I saw a homeless man today.
The same one I have seen every day for the last month.
Sat in the same place when I go to work in the morning and when I return on my way home in the evening.
He sits there with a detached look on his face, too apathetic it seems to even register where he is or those around him. He just sits and stares into space.
Whenever I give him money it barely registers for him and the next day its as though he’s never seen me before.
Yesterday when I saw him, he had in his hands the financial spoils of the day and it appeared that he had done well for himself.
But when I saw him sat in his usual spot today, I thought to myself how hopeless and pointless it was to help him.
In that moment I thought he would never do anything with the money he gets that could possibly change his current position or escape his homeless environment.
And then I realised it wasn’t the man sitting down on the pavement that I was talking about, it was me.
He was, as is often the case, just a projection of my thoughts.
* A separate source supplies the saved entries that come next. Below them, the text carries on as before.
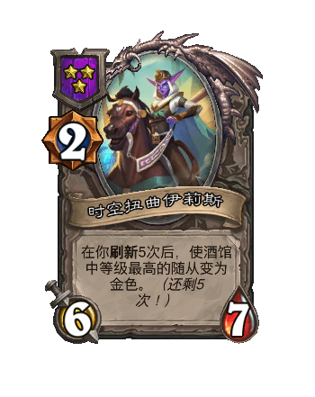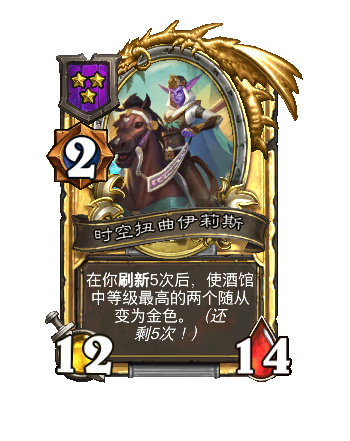 改动后:在你刷新5次后,使酒馆中等级最高的随从变为金色。(还剩5次!)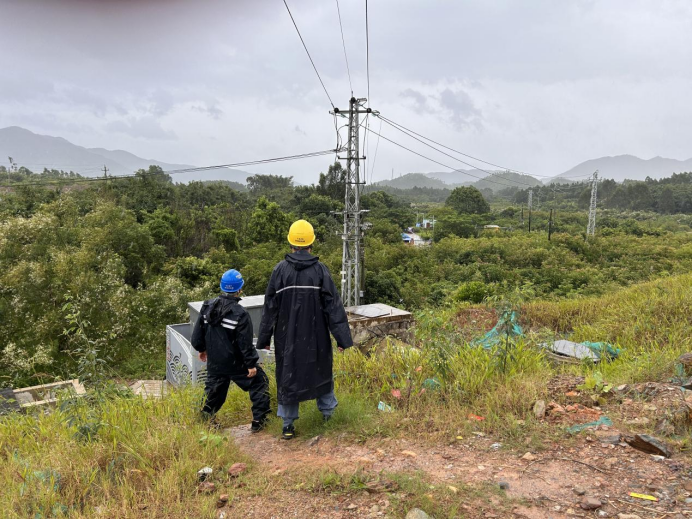 深汕供电局人员台风来临前巡视片区边坡线路,“风里雨里,供电蜀黍穿着雨衣逆风前行守护你”。
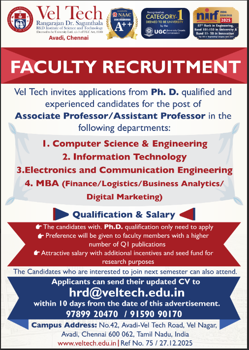 Faculty recruitment Job vacancy notification announced by Vel Tech Rangarajan Dr. Sakunthala R&D Institute of Science and Technology Chennai, Tamil Nadu for the academic year 2025-2026. Eligible candidates may apply through Email.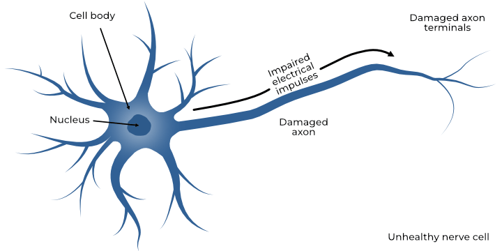 The axon breaks down, especially at the far end (distal part) and signal conduction is impaired or lost entirely. The electrical signal (action potential) may fail to propagate effectively down the axon.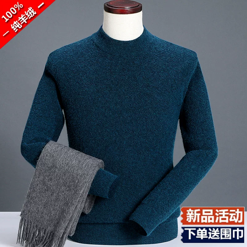 Áo len cashmere nửa cao cổ mùa thu và mùa đông mới nam áo len cashmere cổ tròn tinh khiết áo len nam trung niên cha dệt kim - Áo len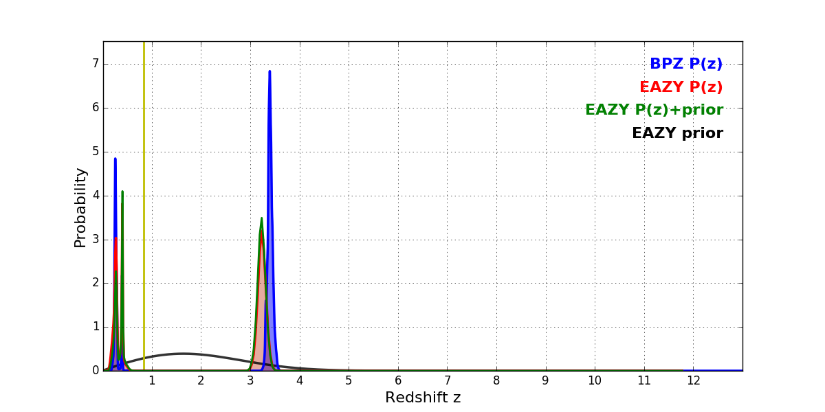 In P(z) plots: Yellow lines mark the cluster redshift z = 0.833,

A way if you like, to listen to my inner beliefs about me. (This is not the first time the homeless have brought me a message about myself – read my post ‘Am I my thoughts?’)
I can never have an understanding of what it is like for this homeless man and certainly have no right to judge him.
And despite the fact that I do judge, as we all do, I also accept that these judgements have more to tell me about myself than they do about anyone else.
Like an alarm clock, those, like my homeless messenger, allow us for a brief moment to wake up, often bolt upright, from a deep sleep into our current realities.
These maybe short lived moments before we walk into the ‘factory doors’ and close down our minds to adopt the ‘business as usual survival mindset’, but its in these brief moments that we get to ask ourselves some poignant questions.
As I sat there shortly afterwards, reflecting on what I had just experienced and writing what would be the notes for this post, I was invited to ask myself ‘what am I actually cultivating in my life by doing what I’m doing right now? What am I investing in for my future that will change my current position down the line?
And I invite you to do the same.
In the areas you would like to change in your life, what are you currently doing each day to make that a reality? What are you cultivating?